Boake was ordained as a deacon by the Bishop of Cork, Samuel Kyle, in 1838 and as a priest in 1839.

In 1841 the Church Missionary Society proposed to establish a new school in southern India and offered Boake the position of headmaster. The scheme however broke down and the Society recommended to the Secretary of State that he be offered the position of principal of the Colombo Academy, a state school operated by the government. He accepted and sailed to Ceylon in September 1842.

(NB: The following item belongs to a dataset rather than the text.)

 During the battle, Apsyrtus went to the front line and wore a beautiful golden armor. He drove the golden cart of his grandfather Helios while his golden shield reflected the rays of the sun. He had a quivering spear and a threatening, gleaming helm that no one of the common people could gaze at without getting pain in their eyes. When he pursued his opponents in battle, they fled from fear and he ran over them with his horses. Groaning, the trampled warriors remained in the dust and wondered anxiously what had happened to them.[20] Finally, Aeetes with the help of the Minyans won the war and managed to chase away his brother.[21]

In October 1842 Boake took up the role as the principal of Colombo Academy and he remained at that post until September 1870. In 1859 he helped establish the Queen's College, the first institution of higher education in Ceylon. The college was affiliated with Calcutta University, and prepared students from the Colombo Academy for entrance examinations to English universities. In 1865 the Morgan Committee, a committee of the Legislative Council of Ceylon, conducted an inquiry into education, recommending that it be reorganised and that scholarships should be awarded to study at the University of Oxford. As a result, in 1869, Queen's College was amalgamated with the Colombo Academy.

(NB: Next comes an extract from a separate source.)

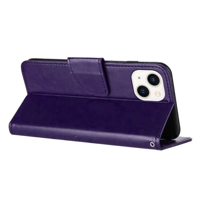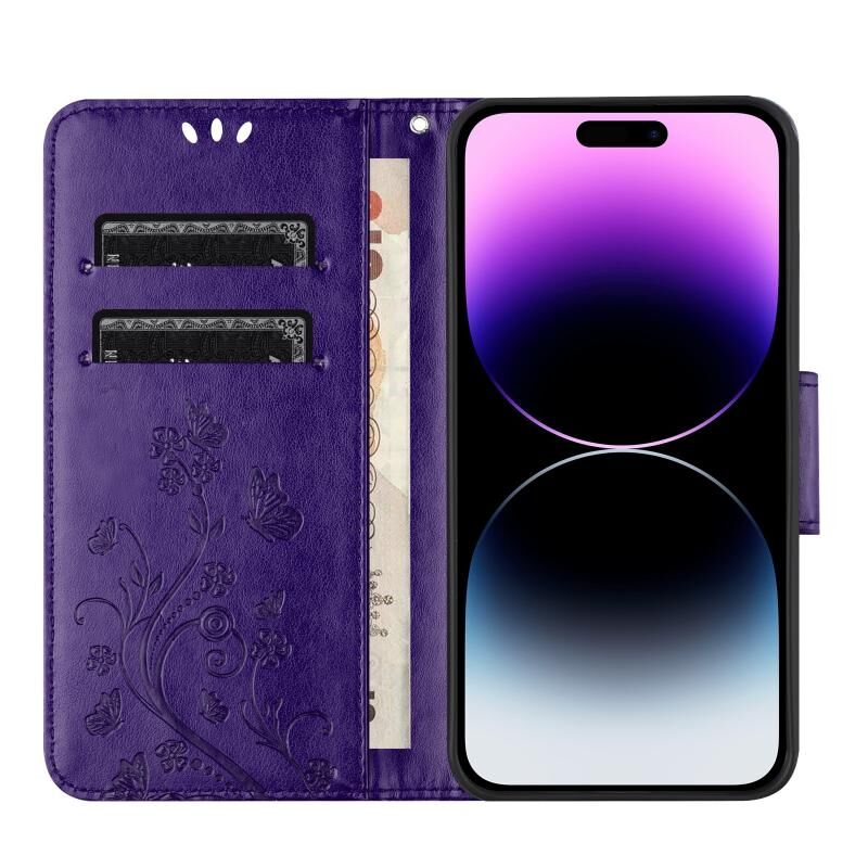 For iPhone 15 Butterfly Flower Pattern Flip Leather Phone Case(Dark Purple)

In 1868 he set up a hostel at the Colombo Academy, in San Sebastian, establishing it as one of the first boarding schools in Ceylon.

Boake also served as acting colonial chaplain and rector of Trinity Church, Colombo. On 23 March 1843 he married Mary Catherine Slade (1818-1860), the eldest daughter of Major General William Henry Slade (1787-1874) of the Royal Engineers and Mary née Holden, in Colombo, and they had eight children, including: William John Slade (1867-1889), the Police Magistrate Kalpitiya and Assistant Government Agent in various districts in the island; Mary Catherine; Emily and Fanny Lousia. Following Catherine's death on 17 January 1860, Boake married a second time, on 27 August 1861, to Agnes Jane Marsh (the daughter of Reverend Joseph Marsh, the first headmaster of the Colombo Academy), to whom he had a further five children, including: Alfred Hogarth; and Walter Hovenden.

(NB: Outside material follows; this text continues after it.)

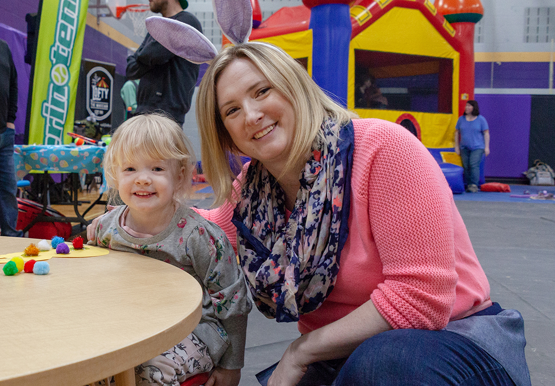 Ella Sharp, 3, from Erin and her mom Diana Arajs had fun getting crafty at the Station Road Co-op Nursery School bunny brunch on April 13 at Centre 2000.   Photo by Danielle Cargill

Boake wrote several treatises which were published by the Ceylon Times in 1853 and 1854. He also had a sermon published by the Church Mission Press, Cotta 1857 which was preached at Trinity Church, Colombo on 1 June 1851.

After his retirement Boake and his family migrated to Melbourne, Australia on 26 October 1870 and served as the pastor of the Holy Trinity Church in Saint Kilda. He died in Melbourne, Victoria on 9 September 1876.